Emma was born with a condition called Deletion of Chromosome, which resulted in several medical conditions, including microcephaly, a neonatal condition where the brain is much smaller than other infants.
Doctors declared Emma terminally ill three months after birth, and it turned the family’s world upside down.
“We were at a loss for what it meant for us,” she said.
“It was definitely a massive impact on our family.”
That was when she was referred to Very Special Kids.
“Very Special Kids instantly picked her (Emma) up,” Ms Polachek said.
“Since then, they’ve been a part of our family.”
Emma is now seven and about to become an older sister.
Ms Polachek, who is set to give birth on Tuesday, said Emma would be on respite on Monday.
She said there’d been a lot of emotions with this pregnancy as they worried the infant would have the same condition as Emma.

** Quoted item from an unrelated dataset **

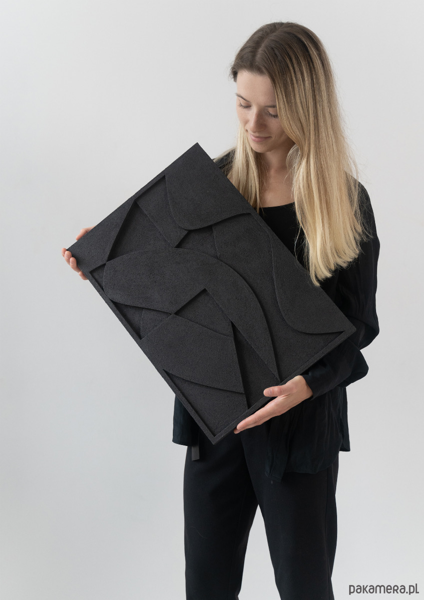 Dzięki specjalnej ukrytej ramie relief można zawiesić na ścianie w dowolnym ułożeniu.
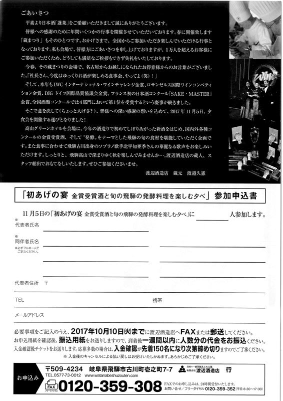 イベントのご案内です 飛騨のにごり酒なら渡辺酒造店 渡辺酒造店長ブログ 日本で一番笑顔あふれる蔵 蓬莱 渡辺酒造店

“I got that peace of mind after finding out she (the baby) is healthy,” she said.
“I was a bit of a mess.
“We knew we wanted this baby, but we were terrified it would all happen again.”
On Tuesday, November 21, when Ashley gives birth, the hospice will also open their new Very Special Kids House, which happens to coincide with the hospice’s annual matched giving day fundraiser — A Very Special Day.
Very Special Kids CEO Michael Wasley said the new facility would improve the quality of life for children and young people with life-limiting illnesses and their families – through life, death and grief.
“The clinical needs of children today are significantly more advanced than they were 25 years ago,“ he said.
“Children are living longer with these conditions into adolescence, placing higher needs upon their families as full-time carers.”
Despite having Very Special Kids, Ms Polachek said Emma was living in the best community for her in Seymour.
“The community is generally very welcoming of Emma,” she said.
“The amount of people who come up and stop and talk to Emma, hold her hand and take their time to talk to her.”
“They make an effort to make her feel special, wanted and part of the community.”